● Recorded data:
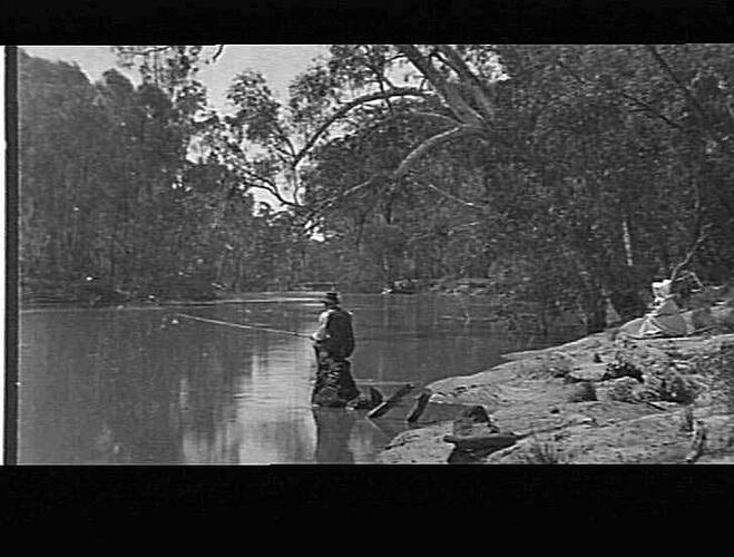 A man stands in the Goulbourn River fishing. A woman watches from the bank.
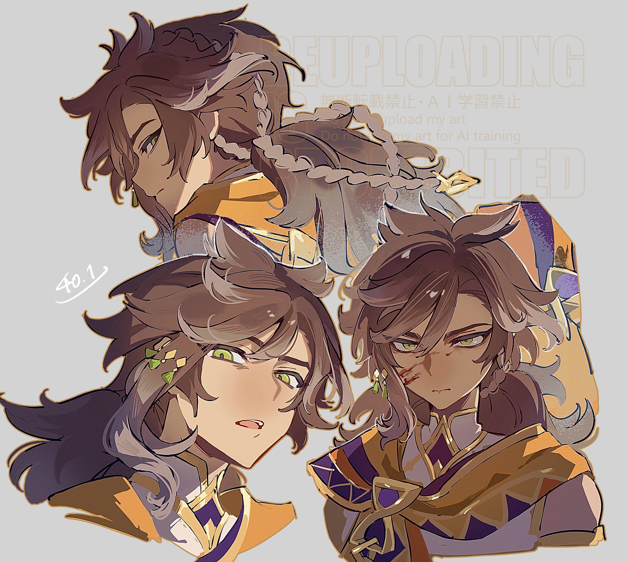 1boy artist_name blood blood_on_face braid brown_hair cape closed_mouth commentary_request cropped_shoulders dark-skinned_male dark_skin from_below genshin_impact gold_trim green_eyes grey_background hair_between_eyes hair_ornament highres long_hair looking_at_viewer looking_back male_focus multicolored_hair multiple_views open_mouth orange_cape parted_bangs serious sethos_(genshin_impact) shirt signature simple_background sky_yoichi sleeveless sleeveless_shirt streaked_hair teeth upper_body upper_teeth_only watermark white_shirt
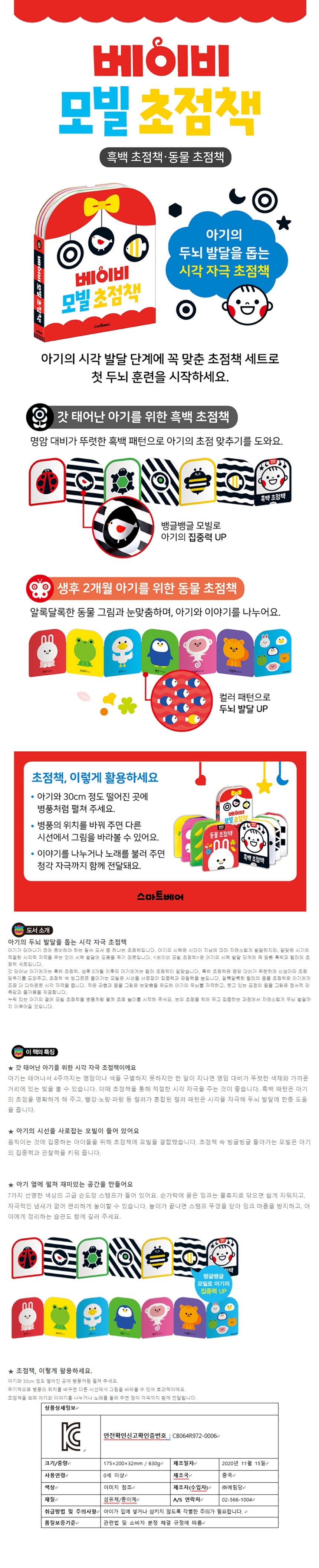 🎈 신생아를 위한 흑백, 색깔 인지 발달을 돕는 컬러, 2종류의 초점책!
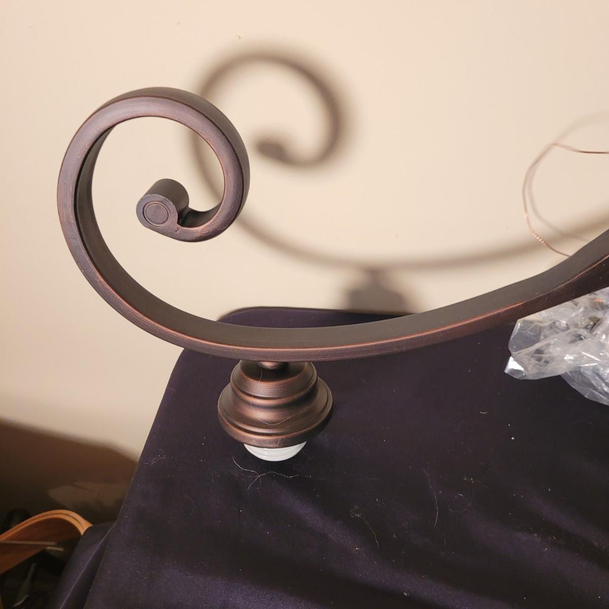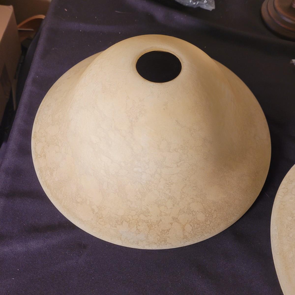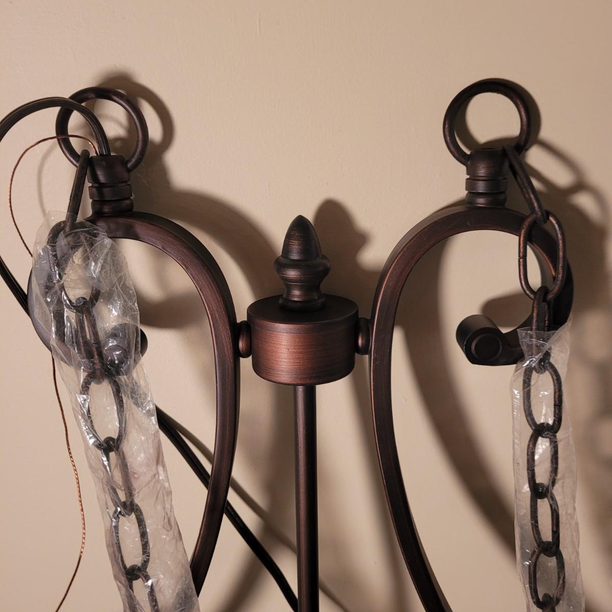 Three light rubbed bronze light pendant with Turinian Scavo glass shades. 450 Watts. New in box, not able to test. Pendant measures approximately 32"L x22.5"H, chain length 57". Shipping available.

● Task goal: Beginning with the line that holds "컬러, 2종류의 초점책!", output each line to the end of the material above, exactly, omitting the pictures.

● Task answer:
 🎈 신생아를 위한 흑백, 색깔 인지 발달을 돕는 컬러, 2종류의 초점책!
 Three light rubbed bronze light pendant with Turinian Scavo glass shades. 450 Watts. New in box, not able to test. Pendant measures approximately 32"L x22.5"H, chain length 57". Shipping available.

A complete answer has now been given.